Ничего не сказал святой Сергий, сумрак заклубился у него в глазах, он лишь поднял над Пересветом и слегка наклонил старую икону богоматери Одигитрии, и больше его инок Пересвет не видел, а увидел он себя уже в несметной массе переходящих через Дон русских войск; берега, низины, кусты и травы укрывал густой туман в это раннее сентябрьское утро; еле-еле начинал шевелить предрассветное томление западный ветерок, и через Дон перекатывались все новые и новые волны русского воинства, пешие и конные, тускло сияли щиты и доспехи, на шеломах горели красные перья. Выбравшись на берег и успокаивая своего коня, оправляя на нем сбрую, Пересвет поднялся повыше; отсюда он увидел Дон, шевелившийся в обе стороны, насколько глаз хватал, массами русских войск; и сердце его охватила гордость; еще никогда не собирала Русская земля такого воинства, и никогда она не была так едина в своей порыве. Он глядел, как выходят на левый берег Дона все новые и новые русские полки и дружины, и сердце его веселилось, потому что вчера, после того как они с Ослябей отдали великому князю Московскому Димитрию письмо с благословением на сечу от святителя Сергия, сердце князя зело укрепилось и возвысилось. Благословляя еще и еще раз в душе и великого князя, и все русское воинство, пешее и конное, Пересвет вспоминал, как ночью они в свите великого князя уже тайком перескакивали Дон и как воевода князь Димитрий Волынец, муж многоопытный в ратном деле, сойдя с коня на равном расстоянии между русским и татарским станами, долго прикладывал ухо к земле, а потом, вставши, говорил, что тяжким стоном полна земля от завтрашней битвы и от тоски по тем убиенным, что лягут завтра в землю, и что это хорошая примета и быть победе.

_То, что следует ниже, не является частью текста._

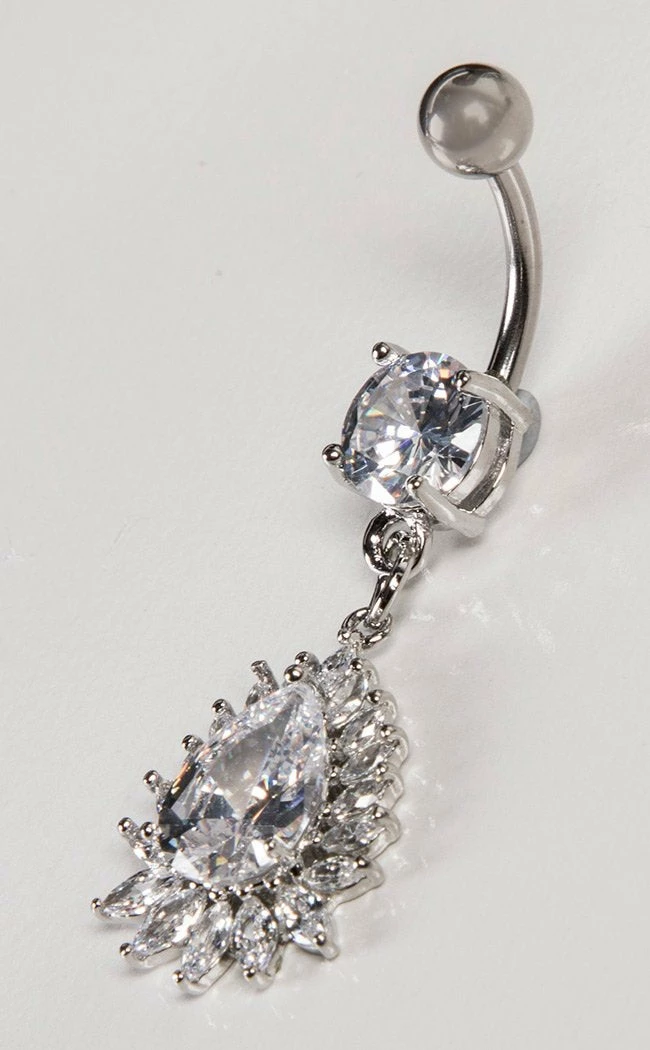 A glittering piece of luxury!Β The dngling charm on this gorgeous navel ring features a teardrop cubic zirconia surrounded by a border ofΒ beautiful matching “petals”.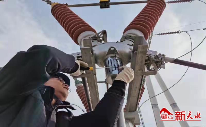 新天水讯 11月28日,在110千伏冀城变电站设备巡视现场,国网天水供电公司变电运检人员完成对GW5-110ⅡDW型隔离开关防鸟罩做检查维护,这是该公司针对该型号隔离开关研制的新型防鸟装置,可有效杜绝鸟类在该型隔离开关上筑巢搭窝,防治鸟害效果明显。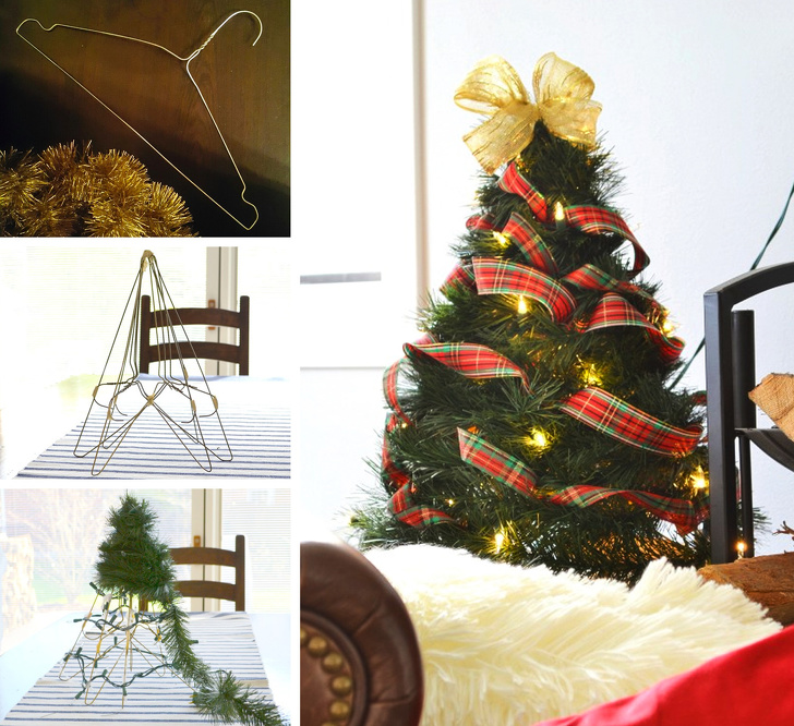 Ні, це не магазинна штучна ялинка, яка потрапила сюди помилково. Всього кілька тонких залізних вішалок, ялинкова мішура, гірлянди, кульки, трохи зусиль — і у вас вийде така красуня.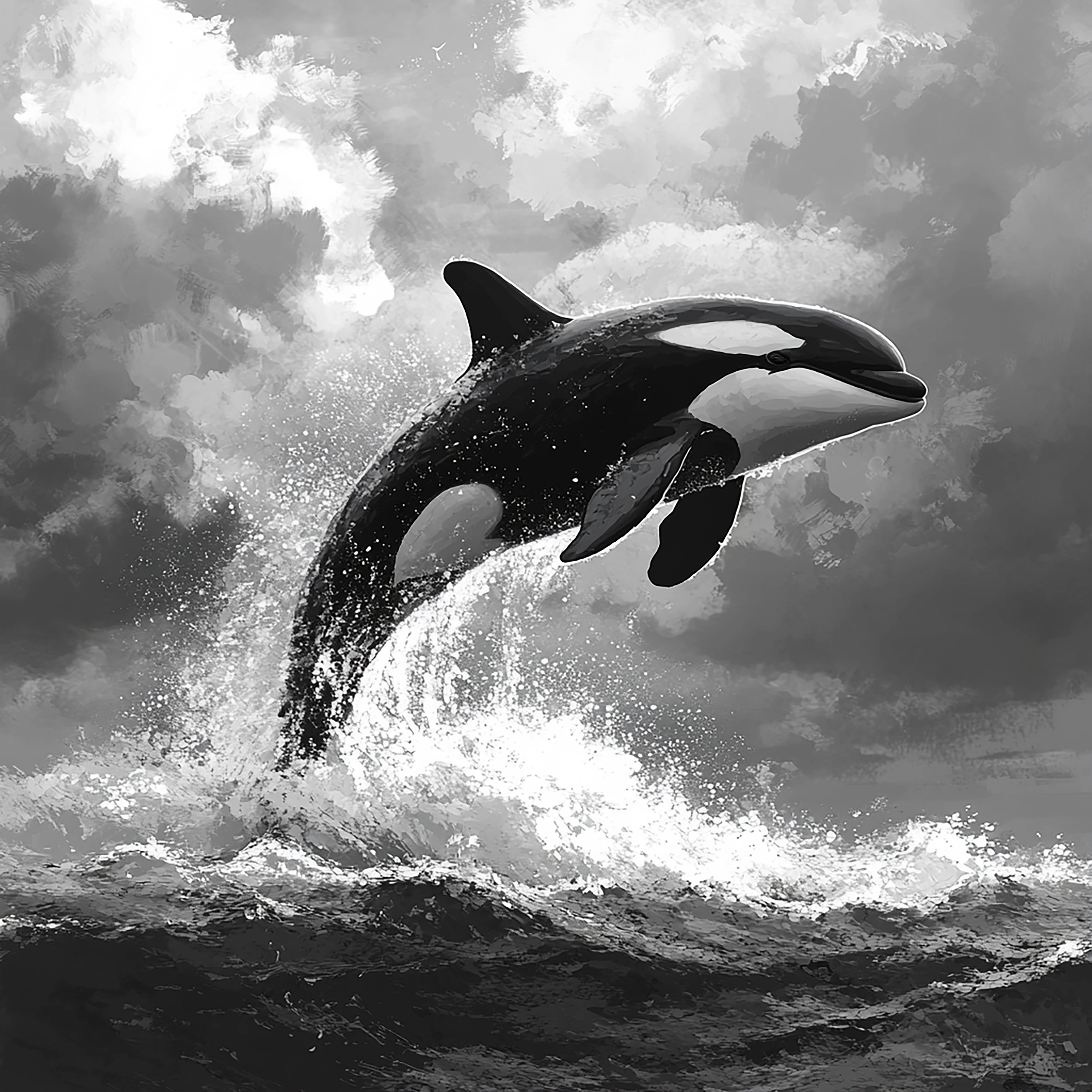 Orque majestueuse en saut spectaculaire papier peint artistique noir et blanc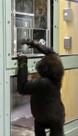 『ゴリラ、世代間でIT格差? 子は熱心にタッチパネル 親は触れもせず』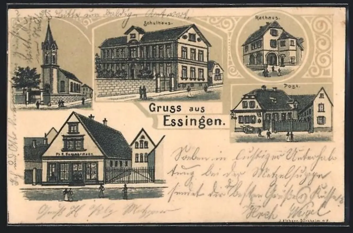 Lithographie Essingen / Pfalz, Kirche, Schule, Rathaus und Post

Священновоитель Пересвет тоже сошел с коня и припал к земле, и тотчас земля словно притянула его к себе; действительно, как живая, стонала и волновалась самая утроба земли, и хищные птицы слетались и бесшумно рассаживались во тьме по вершинам вековых дубов; Пересвет силой святого прозрения слышал их лёт, ибо они стремились к Куликову полю со всех окрестных мест и их бесшумные тени густо закрывали небо. Сердце Пересвета отяжелело; да, быть завтра битве, какой еще не видала Русская земля. На это есть знак божий, сеча возвестит славу и единение русского оружия и веры Христовой.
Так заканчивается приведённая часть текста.